Archivo de voz «El Encuentro»

Dosmildoce estudió minuciosamente su cara en el espejo.  Esperaba, como un cazador, sorprender el indicio de algún cambio en su cuerpo, en su piel, en el todo en el cual se reconocía como ser humano. El juicio matinal que se hacía, había sido, durante toda su vida, encarnizado.  No había piedad en el análisis del terreno que escaneaban sus ojos aterrados.  Buscaba el germen de la madurez que temía como una enfermedad contagiosa, de la cual podría, seguramente, desembarazarse de descubrirlo a tiempo. Cada mañana, una vez pasado este examen minucioso, respiraba más tranquilo, ya que jamás había descubierto, hasta hoy, al responsable visible de lo que consideraba el temible pecado de envejecer.
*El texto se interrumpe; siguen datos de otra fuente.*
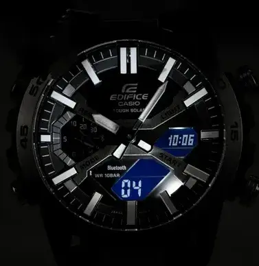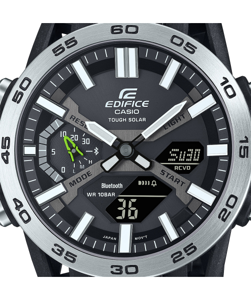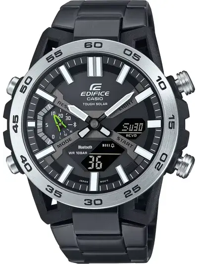 Многофункциональные часы, дизайн которых пропитан гонками и скоростью, без сомнения оценит любой мужчина. Edifice Sospensione. Мужские часы, дизайн которых вдохновлен подвеской болида Формулы-1. Ушки часов разработаны по схеме четырехрычажной подвески гоночного автомобиля. Питание от солнечной энергии Tough Solar - солнечные батарейки большой мощности, индикатор заряда батареи. Функция автоматического сохранения энергии. Время работы аккумулятора без подзарядки приблизительно 7 месяцев, при включенной функции сохранения энергии приблизительно 18 месяцев. Двойная подcветка: циферблат и ЖК-дисплеи подсвечиваются светодиодом, благодаря наличию функции задержки, после отпускания кнопки освещение горит еще несколько секунд. Настраиваемое послесвечение 1,5 или 3сек. Цвет подсветки: белый. Необритовое светонакопительное покрытие обеспечивает длительное послесвечение в темноте даже после кратковременного нахождения на свету. 12-ти и 24-х часовой формат времени. Секундомер с двумя точностями показаний: 1/100с (до 1ч) и 1с (после 1ч) и временем измерения 24ч. SPLIT-хронограф. Таймер обратного отсчета от 1с до 24ч. Мировое время – 38 городов (38 часовых поясов), всемирное координированное время (UTC). Автоматический переход на зимнее и летнее время, возможность включения/отключения данной функции. Отображение кода и названия города. Переключение между домашним и мировым временем. Беспроводная технология Bluetooth® со сверхнизким потреблением энергии для синхронизации со смартфоном. При подключении к смартфону часы корректируют текущее время, настраивают будильник, а также копируют настройки мирового времени (300 городов). Отображение дней недели на шести языках. Функции перемещения стрелок, поиска телефона и включения/отключения звука. Водонепроницаемость 10 Бар в соответствии с ISO 2281. Браслет с раскладывающейся тройной застежкой, расстегиваемой одним касанием.

Hoy había encontrado algo diferente, algo que, del otro lado del espejo, le había devuelto una imagen cambiada imperceptiblemente.  Presa del miedo, había encendido todas las luces y se había aproximado, se diría que hasta con ira, al espejo, como si éste le hubiera traicionado, finalmente, después de tantos años de intimidad compartida. Pero no consiguió acorralar el pliegue, la arruga o la sombra culpables de esta sensación de ser otro, un hombre más viejo que el que había sido ayer.  De cerca, todo parecía normal.  La piel seguía lisa al tacto, no tenía ojeras debajo de los ojos, las mejillas eran sedosas pero muy masculinas, la mandíbula y el hoyuelo de la barbilla tan seductores como siempre.  ¿Qué había pasado? ¿Cuándo?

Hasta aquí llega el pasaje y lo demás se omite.